The question I’ve posed regarding 9/11: “What did we do about it?” leads to in our next stage: “What were leaders planning to do all along, for which 9/11 provided a means to already determined ends.” Joan Didion is one of the most celebrated American authors, with a lengthy biography of her life appearing recently. She is identified with “new” or “literary journalism, which proposes, as Tom Wolfe has said, that it is “possible to write journalism that would … read like a novel.” Her analysis of Dick Cheney, published in the New York
Review of Books (10/5/2006) draws on what, even just five years post-9/11, was a rapidly growing accumulation of book-length analyses of presidential decision-making in the context of national security. If critics have accused Obama of conducting an imperial presidency, former vice-president Cheney has been a strong advocate for a powerful chief executive. In examining Cheney himself, one of the most important shapers of the post-9/11 security response, Didion tries to understand the motivations for the decisions made to go to war. To what extent were they driven by idealism and American values, and to what extent by the quest for political power, calibrated to conform to business interests (exemplified in Cheney’s previous experience as CEO of Halliburton). Intelligence was used not to find answers but to confirm pre-existing decisions and goals (“cherry picking” intelligence findings to support a case for war). His “one-percent doctrine” argued that if there was even a small chance of a threat is must be treated as a certainty, a perspective that short-circuits traditional analysis and debate in favor of suspicion, leaving government leaders wide latitude of action. Most concerning, in Didion’s analysis, is the decline in political accountability and transparency.

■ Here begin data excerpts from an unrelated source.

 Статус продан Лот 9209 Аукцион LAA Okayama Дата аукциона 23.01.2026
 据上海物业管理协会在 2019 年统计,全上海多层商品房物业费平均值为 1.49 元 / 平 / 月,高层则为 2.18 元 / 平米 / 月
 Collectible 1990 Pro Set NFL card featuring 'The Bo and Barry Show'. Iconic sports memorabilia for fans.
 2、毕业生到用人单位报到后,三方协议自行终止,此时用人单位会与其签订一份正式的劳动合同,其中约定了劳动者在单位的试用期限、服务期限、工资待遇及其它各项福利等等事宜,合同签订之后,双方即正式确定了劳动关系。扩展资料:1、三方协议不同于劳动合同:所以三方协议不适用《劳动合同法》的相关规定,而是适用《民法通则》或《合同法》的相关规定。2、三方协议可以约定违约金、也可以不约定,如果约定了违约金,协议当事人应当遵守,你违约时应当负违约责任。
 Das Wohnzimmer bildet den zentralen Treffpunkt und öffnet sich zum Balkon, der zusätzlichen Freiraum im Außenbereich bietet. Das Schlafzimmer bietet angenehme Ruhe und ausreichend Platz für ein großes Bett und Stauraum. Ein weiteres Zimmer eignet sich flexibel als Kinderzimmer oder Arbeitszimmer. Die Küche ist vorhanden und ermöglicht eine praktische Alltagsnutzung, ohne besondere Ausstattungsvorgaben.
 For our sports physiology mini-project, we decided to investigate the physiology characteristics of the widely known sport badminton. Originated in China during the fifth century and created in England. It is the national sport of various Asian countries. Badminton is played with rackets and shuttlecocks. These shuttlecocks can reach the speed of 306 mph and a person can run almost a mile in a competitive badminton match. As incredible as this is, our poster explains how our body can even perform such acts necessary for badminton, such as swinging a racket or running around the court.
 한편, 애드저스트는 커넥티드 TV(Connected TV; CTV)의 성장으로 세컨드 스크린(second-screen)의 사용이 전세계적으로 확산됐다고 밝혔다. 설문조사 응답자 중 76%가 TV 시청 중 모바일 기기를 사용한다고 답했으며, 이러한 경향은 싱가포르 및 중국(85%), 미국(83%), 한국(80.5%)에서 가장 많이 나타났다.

The classic film, Dr. Strangelove, depicts an unhinged officer, convinced that the communists are a threat to our precious “bodily fluids.” The truther mentality is easily parodied, as in this Onion excerpt, which reveals the principle of Occam’s Razor, that the simplest explanation of an event is the most logically plausible. In a more serious vein, the film Loose Change, a home-made documentary, struck a chord in the American public by promoting some of these conspiracy theories, a significant portion of the public believe. The more extreme conspiracy ideas can be refuted and easily dismissed, but the social anxiety that gives rise to them and the serious political impulse they manifest must be taken seriously. Are there forces beyond our view that shape world events? Yes. Does the government have a tendency to lie and manipulate the facts? The post-9/11 experience shows that it does and, historically, always has. Dismissing the 9/11 truther movement as crackpots, although tempting and justified in one sense, fails to reflect these more serious issues–including the media role in failing to address larger structural issues while giving credibility to more conventional conspiracy advocates, whether regarding Pres. Obama “birthers” or climate change skeptics.

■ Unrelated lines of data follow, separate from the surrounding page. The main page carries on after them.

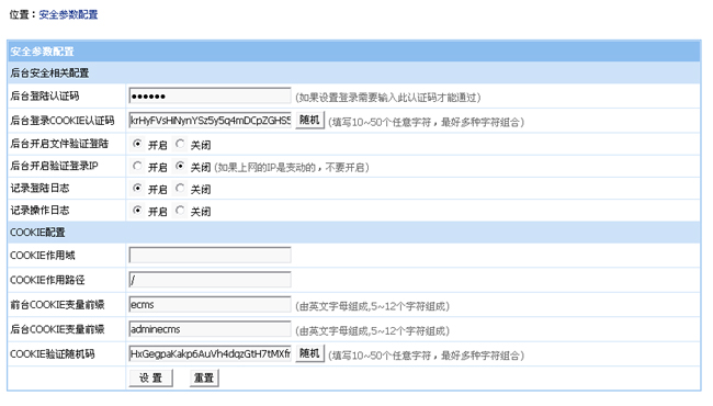V6.5配置文件安全設置可直接后臺配置,更直觀更方便。并且對于安全性要求更高的用戶也可以選擇是否開啟在線直接配置,修改e/class/config.php里的“$do_openonlinesetting”參數。
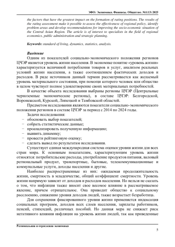 В данной статье представлена методика рейтинговой оценки социальноэкономического положения регионов Центрально-Черноземного экономического района (ЦЧЭР). Предложенная методика основана на комплексном анализе ключевых показателей, характеризующих экономическую активность, социальную сферу и экологическую устойчивость каждого региона. Целью исследования является выявление лидеров и аутсайдеров в социально-экономическом развитии внутри ЦЧЭР, а также определение факторов, оказывающих наибольшее влияние на формирование рейтинговых позиций. Результаты рейтинговой оценки позволяют оценить эффективность региональной политики, выявить проблемные зоны и разработать рекомендации по улучшению социально-экономического положения регионов ЦЧЭР. Статья представляет интерес для специалистов в области региональной экономики, государственного управления и стратегического планирования.
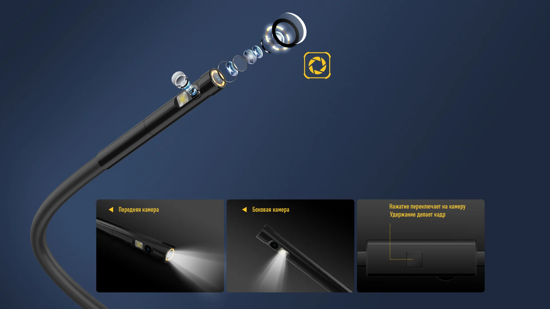 | Боковая камера | Разрешение: 1Мп Сенсор: OV9734 Угол обзора 70° 1 светодиод, с регулировкой Качество фото: 720*1280, 480*720 Качество видео: 720P к/с, 480P 30 к/с Формат видео: MP4 |
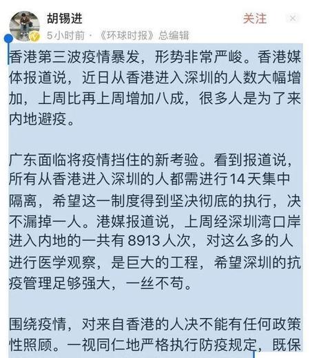 这两天,知名大V胡锡进在社交媒体上发布消息,提醒香港正在暴发第三波疫情,形势非常严峻。香港媒体报道,近日从香港进入深圳的人数大幅增加,上周比再上周增加八成,很多人是为了来内地避疫。
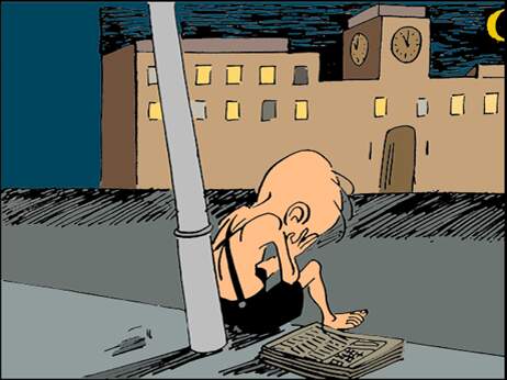 天黑了,三毛坐在马路边的电线杆底下,路灯照着三毛身边
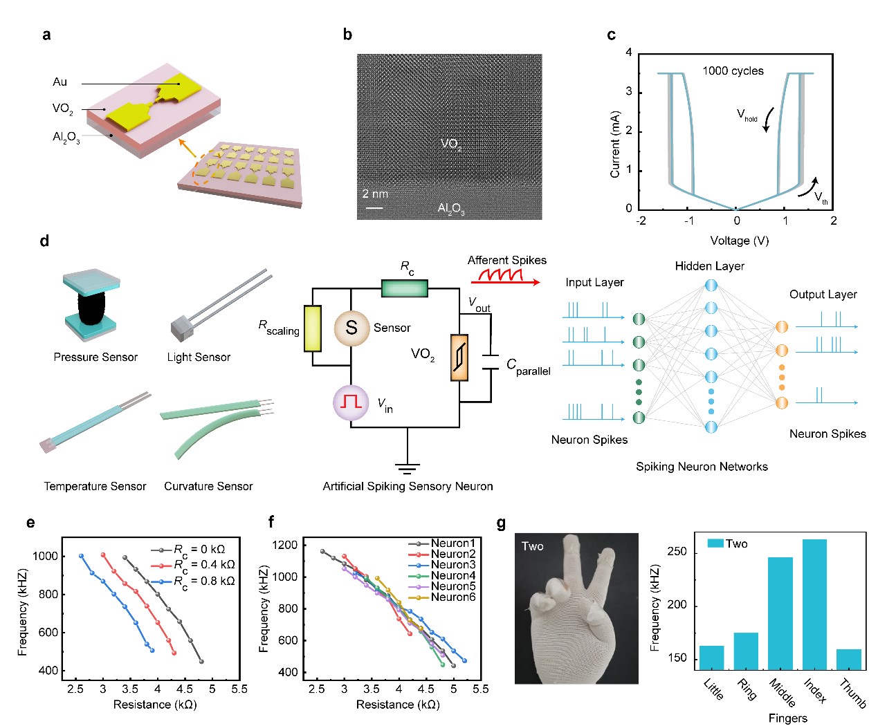 针对这一关键问题,91视频 黄如院士-杨玉超教授课题组首次提出了一种基于外延VO2忆阻器的可校准感知神经元,用于解决人工感知神经元的一致性问题以及神经元与不同传感器阻抗匹配的问题。在材料层面上,外延生长的VO2高质量薄膜显著提高了人工神经元的周期间(cycle-to-cycle)一致性;在电路层面上,通过在神经元电路中引入校准电阻,有效调控了神经元的发放频率曲线,从而进一步提高了不同神经元之间(device-to-device)的一致性。为了解决神经元与不同类型传感器的阻抗匹配问题,进一步引入了缩放电阻用于将不同传感器的工作阻值调节到神经元所适配的阻值范围,从而实现了超高一致性、可校准、多模态的人工感知神经元。
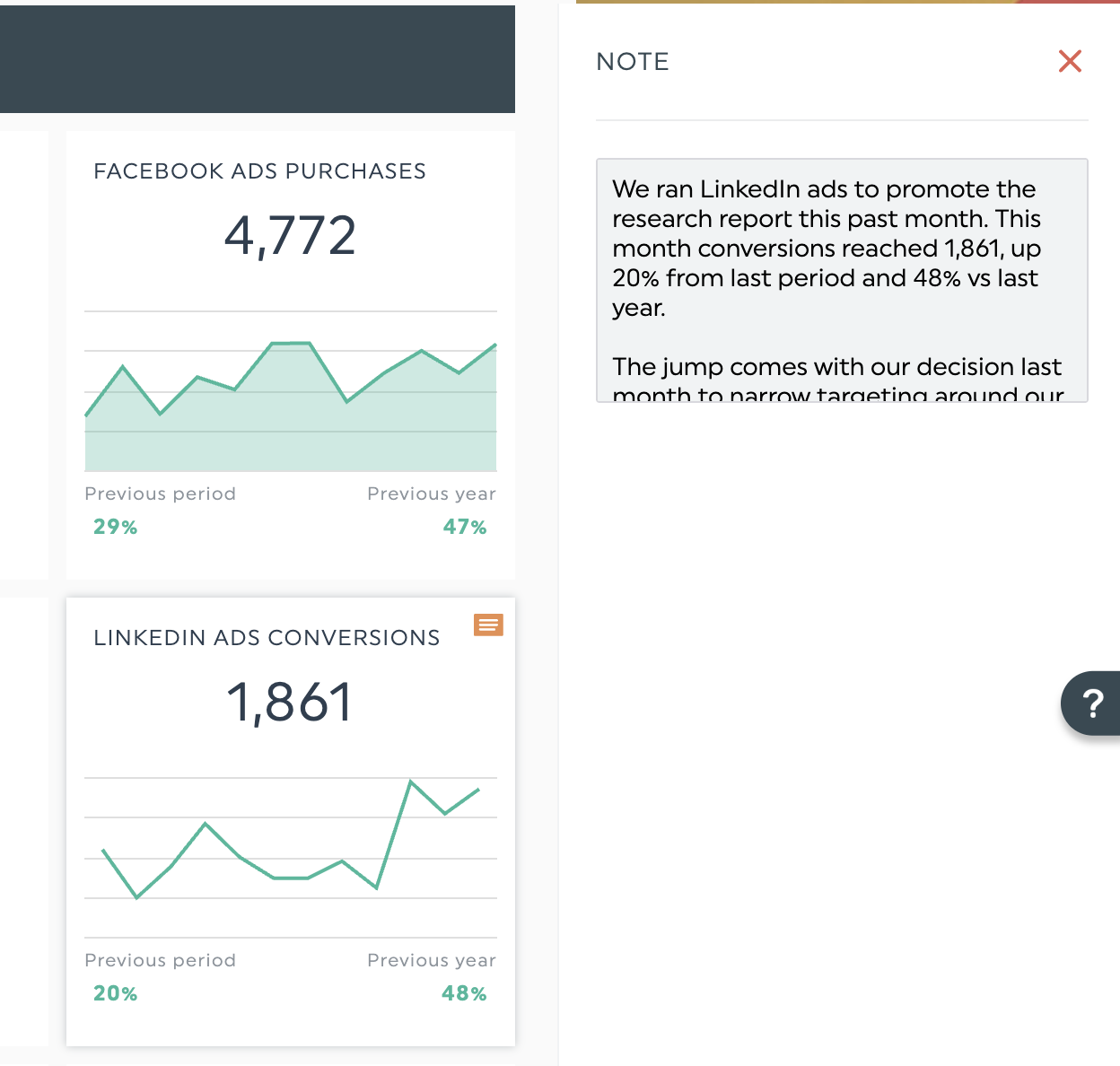 Adding explanations can clutter a report. DashThis’s notes and comments let you add context to specific metrics or sections of a report without introducing visual noise. For example, you can explain a jump in conversions in a comment like this.

Understanding 9/11 means understanding the controversy surrounding the conspiracy-based 9/11 “truther” movement, a manifestation of something deeply embedded in what historian Richard Hofstadter called the “paranoid style” of American politics.

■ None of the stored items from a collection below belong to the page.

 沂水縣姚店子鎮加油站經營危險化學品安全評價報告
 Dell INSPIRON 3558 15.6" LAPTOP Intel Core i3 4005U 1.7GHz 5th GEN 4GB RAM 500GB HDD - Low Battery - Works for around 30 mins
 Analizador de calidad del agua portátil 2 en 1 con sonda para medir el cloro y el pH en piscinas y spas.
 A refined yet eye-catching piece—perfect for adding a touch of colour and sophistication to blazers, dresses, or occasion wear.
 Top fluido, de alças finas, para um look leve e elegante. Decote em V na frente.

To speak to these issues, Prof. Robert Chesney from the UT Law School will join us. His major policy blogsite Lawfare is a go-to site for experts working in the area of national security and international law. He will address topics such as the ones touched on in David Cole’s essay in the New York Review of Books, in the post below, and in the recent book by Charles Savage, “Power Wars,” on the Obama administration’s approach to coping with international terrorism. In some ways, this makes a good bookend volume to the “Bush at War” book read at the beginning of the semester. Come prepared with questions.